Researchers from Western University in London city in Canada found that nicotine from either smoking or nicotine replacement therapy (NRT) causes a wide range of long-term adverse reactions for the offspring - including an increased risk of obesity and metabolic syndrome.

“We know smoking is bad during pregnancy. Studies have shown that babies born to smoking mothers have a 47 percent increase in the odds of becoming overweight,” said Daniel Hardy, assistant professor in departments of obstetrics and gynaecology at Western University.

“Our studies were designed to find if there is a biological basis between nicotine exposure from either NRT or smoking, and obesity and metabolic syndrome later in the offspring’s life,” added Hardy.

Working in collaboration with Alison Holloway of McMaster University, Hardy gave pregnant rats same amount of nicotine - adjusted for the weight - that an average smoker receives (1 mg per kg a day).

The offspring were born smaller in size but six months later when they reached adulthood, the rats had developed an increase in liver and circulating triglycerides - a hallmark of obesity, said the study published in the journal Toxicology and Applied Pharmacology.

The study also demonstrated that the nicotine-exposed liver was making more triglycerides.

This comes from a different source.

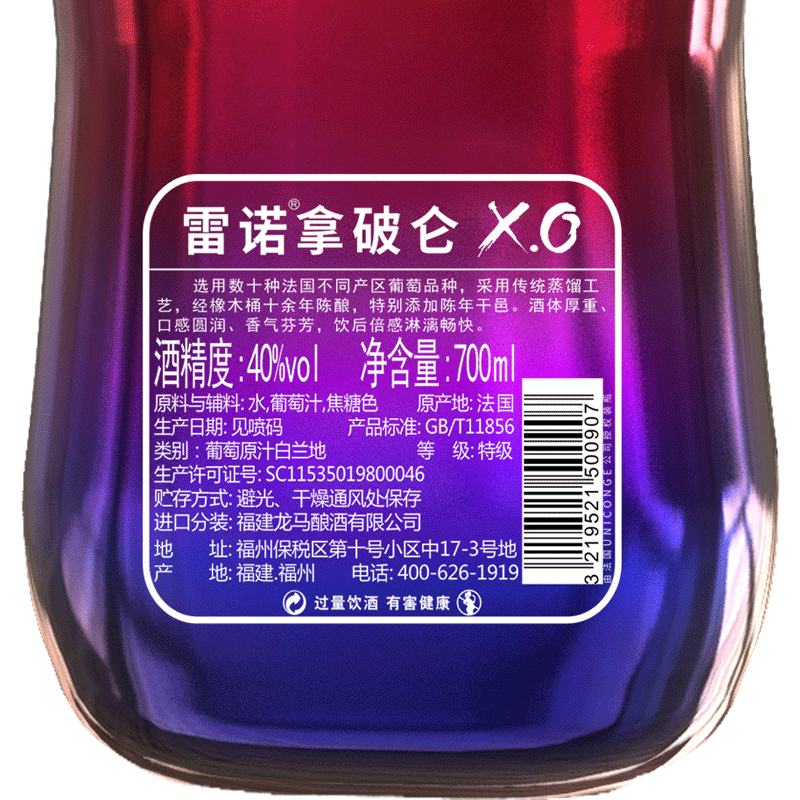 雷诺(RENOWN)拿破仑白兰地XO炫彩版 700ml礼盒装洋酒原液进口

Hardy, however agrees that compared to smoking, NRT is the lesser of two evils.

“But clinicians may need to look more closely at the long-term safety and efficacy of nicotine in pregnancy on postnatal health and well-being,” Hardy added.

Women who smoke are encouraged to quit smoking when they become pregnant using nicotine replacement therapy (NRT), often in the form of gum, transdermal patches, nasal spray or lozenges.